FlyerTalk Forums - View Single Post - Is US Customer Service Always Useless?
View Single Post
Old Nov 28, 2013, 10:30 am
  #48  
TProphet
 
Join Date: Apr 2005
Location: The Internet
Programs: Alaska Mileage Plan
Posts: 714
You're a retired pilot. Did you do weight and balance calculations prior to every flight, so you could decide how much fuel to take on board, how much cargo you could carry, what you should load where, and whether you were within your takeoff and landing weight limits? Did you carry fuel reserves? Were there formulas you used to make all these calculations? Did you use computers to do this, and sanity check the figures yourself to make sure everything looked right? I am guessing that the answer to all of the above is "yes" because you are a retired pilot and not a dead pilot. Somehow it all worked! These formulas tend to be extremely conservative because when you get them wrong, you kill everyone on the plane and it's not very good business to kill your customers. However, the formulas definitely exist, and they do work pretty damn reliably. The fact that you're still alive is proof of this.

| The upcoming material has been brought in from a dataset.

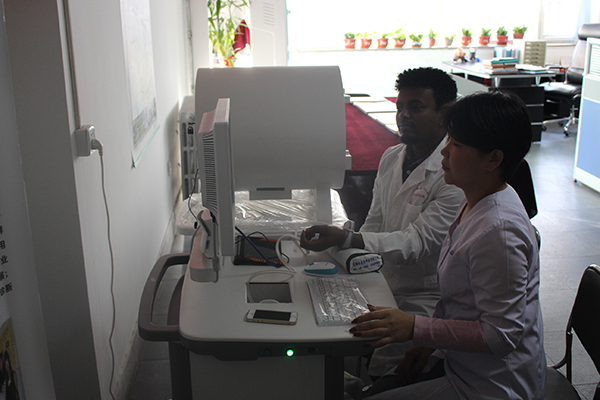 公司領導及于教授與留學生進行交流并指導學生進行實際操作

Now look at other parts of the operation. Have you noticed how good airlines have gotten at filling up planes compared even to 10 years ago? That's not by accident. In fact, my management science professor earned his PhD working in the field of airline revenue management, using KLM's operations for the basis of his research. A lot of the same techniques I've been discussing apply, but they're a whole lot more complicated than cash management. It's not hard to sell all the seats on the plane, but it's a really hard problem to sell all the seats on the plane for the maximum price. This is why a lot of really smart MBAs work in revenue management departments of airlines.

I would guess that at airlines, cash management is something that MBAs aren't looking at; it's just something that ends up being buried under accounting somewhere with some accountants overseeing it. The operations procedures that you get as a result will be more about carefully tracking all the money and making sure you don't lose any versus having enough change to provide good customer service. All the same tools and techniques that you use to manage other operations involving 600 airplanes and every flight can apply to this problem as well.

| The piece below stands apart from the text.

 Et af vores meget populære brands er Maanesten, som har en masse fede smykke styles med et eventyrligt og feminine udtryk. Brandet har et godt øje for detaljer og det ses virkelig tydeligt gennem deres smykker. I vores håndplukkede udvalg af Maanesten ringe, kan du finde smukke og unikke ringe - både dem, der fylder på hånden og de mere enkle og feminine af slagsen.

Actually, the model you are asking for is--for the most part--already built. The caterers need to know which items and how many to load on the plane before each flight. Remember how catering used to be a serious disaster right after buy on board launched, with too few meals (and then too many) always being loaded? It took awhile, but having gathered enough data on customer habits and preferences based on time of day and distance of flight, caterers now use very reliable computer models to ensure there is (usually) adequate stock. MBAs build this kind of stuff.

If I were hired as a consultant to solve this problem, I would adjust the menu and pricing so that change would need to be made less frequently. However, I would also update the model used to forecast catering to also forecast needed petty cash, and integrate the petty cash operations procedures with the catering procedures (which probably hasn't been done). It would be a new and different way of doing things, but it's certainly not impossible. You're not going to get things right 100% of the time but you don't get catering right 100% of the time either. The objective is not perfection, it's just to do better (hopefully a lot better) than we do today. Ideally, if change is no longer a problem, you'll sell more on board.

To the guy talking about change banks and safes and all that stuff... that's just silly. You already have a point of sale system that can issue receipts in order to support buy on board, every airline selling things onboard has a way to issue a receipt. And you just keep the cash in a canvas zip bank deposit envelope. You can hold people accountable by number of items stocked + starting cash - number of items sold * sales = cash + credit card slips + inventory at the end of the flight. This is easy to count down after each flight if you're issuing receipts. Airports are secure facilities, you don't need to worry about any sort of violent robbery or security beyond "counting down" at the end of each flight. Audit is easy, the caterer audits the inventory and the FAs count down the money, at the end the records need to match (and the caterer doesn't have any incentive to help corrupt FAs or vice-versa). I am willing to bet that the change fund for each airplane would amount to a lot less than $1000 per flight, because most customers do not pay in cash and not all customers will need change. However, even going with your inflated figures, the interest that you'll get on $600,000 in bank deposits amounts to only $6,000 per year (at most). And you're not really losing even that much (probably less than half) because you deposit your cash at the end of each day and withdraw what you need at the beginning of the following day, meaning that your cash account will only "close" for the day (losing interest) on the cash you need for operations taking place outside of normal business hours. I'll bet lost sales from not having proper change is a lot more than the trivial amount of money you would lose on interest.